** Dataset extract follows **

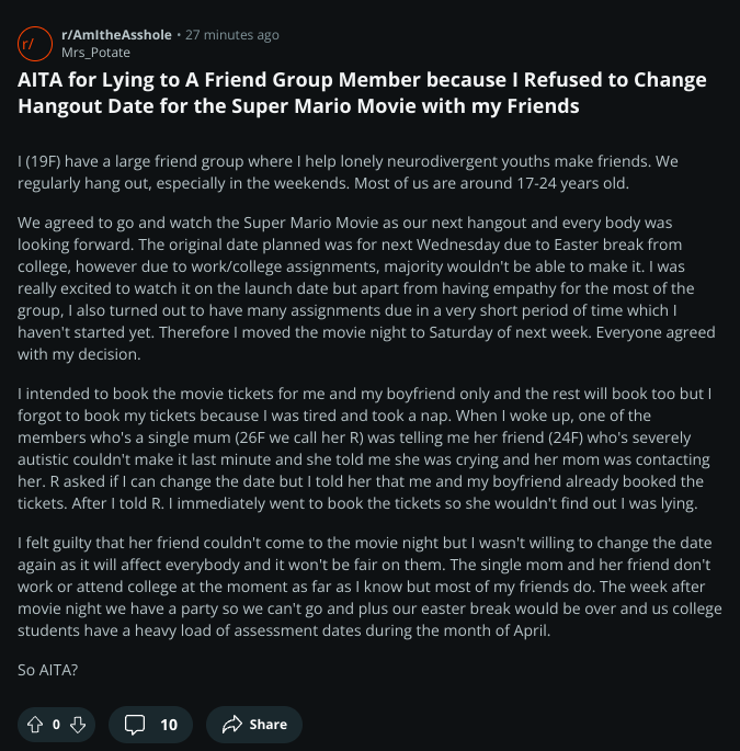AITA for Lying to A Friend Group Member because I Refused to Change Hangout Date for the Super Mario Movie with my Friends
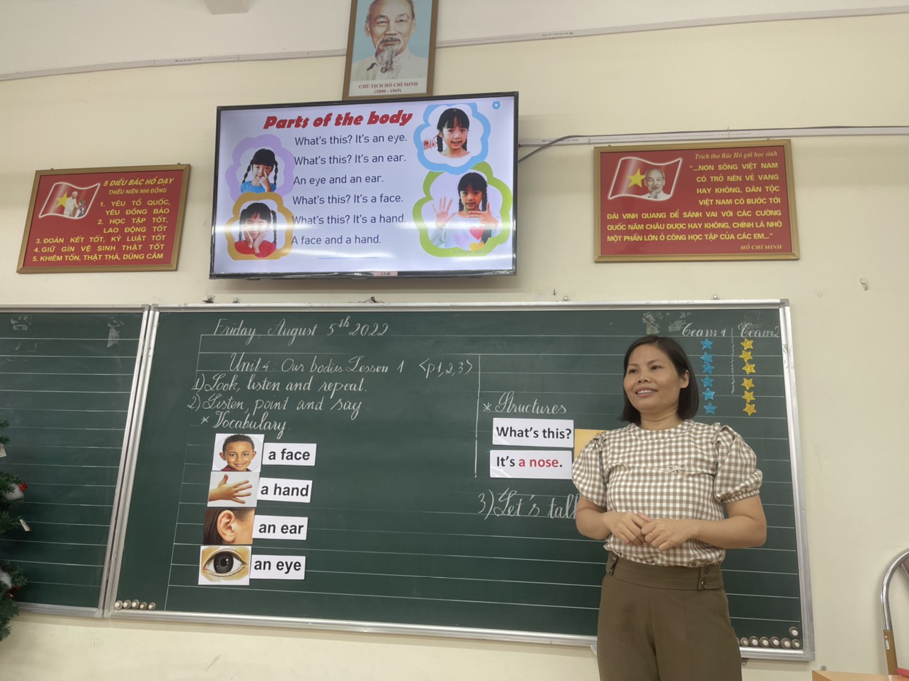Sau khi lắng nghe đồng chí Nguyễn Thị Ngọc Anh trình bày các nội dung của môn Tiếng Anh 3 - bộ sách Cánh Diều, đồng chí Đào Thị Thà lên tiết dạy minh họa Unit 4: Our bodies - Lesson 1. Tiết dạy giúp chúng tôi biết thêm các phương pháp tổ chức hoạt động học tập sáng tạo, vui nhộn, tích cực để giúp học sinh được rèn luyện các kĩ năng nghe, nói đọc viết một cách rất linh hoạt, thành thạo.
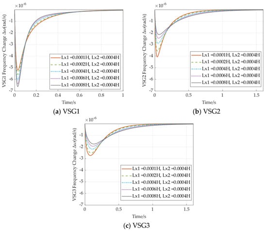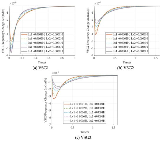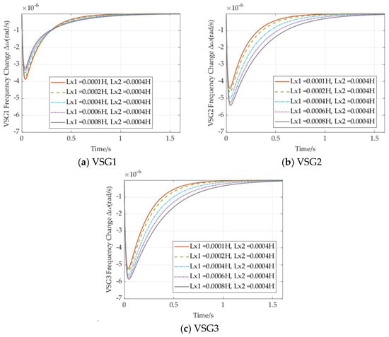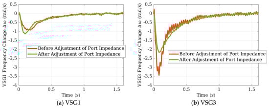 This demonstrates that increasing port impedance can negatively impact the dynamic characteristics of VSGs at other nodes. Additionally, it is observed that the frequency response deviation of VSG3 is notably larger than that of VSG1, corroborating the conclusion in Section 4.1.
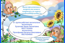 Со 2 августа в МДОУ начинается комплектование группы. В этом учебном году во 2 младшую группу "Воробушки" вас ждут воспитатели Прокофьева Наталья Николаевна, Булатова Залия Зиннатовна и замечательный помощник воспитателя Романова Надежда Петровна.

** End of Dataset extract **

**Problem requirements**
Every line above should be returned word for word, with the pictures left behind.

**Expected answer**
AITA for Lying to A Friend Group Member because I Refused to Change Hangout Date for the Super Mario Movie with my Friends
Sau khi lắng nghe đồng chí Nguyễn Thị Ngọc Anh trình bày các nội dung của môn Tiếng Anh 3 - bộ sách Cánh Diều, đồng chí Đào Thị Thà lên tiết dạy minh họa Unit 4: Our bodies - Lesson 1. Tiết dạy giúp chúng tôi biết thêm các phương pháp tổ chức hoạt động học tập sáng tạo, vui nhộn, tích cực để giúp học sinh được rèn luyện các kĩ năng nghe, nói đọc viết một cách rất linh hoạt, thành thạo.
 This demonstrates that increasing port impedance can negatively impact the dynamic characteristics of VSGs at other nodes. Additionally, it is observed that the frequency response deviation of VSG3 is notably larger than that of VSG1, corroborating the conclusion in Section 4.1.
 Со 2 августа в МДОУ начинается комплектование группы. В этом учебном году во 2 младшую группу "Воробушки" вас ждут воспитатели Прокофьева Наталья Николаевна, Булатова Залия Зиннатовна и замечательный помощник воспитателя Романова Надежда Петровна.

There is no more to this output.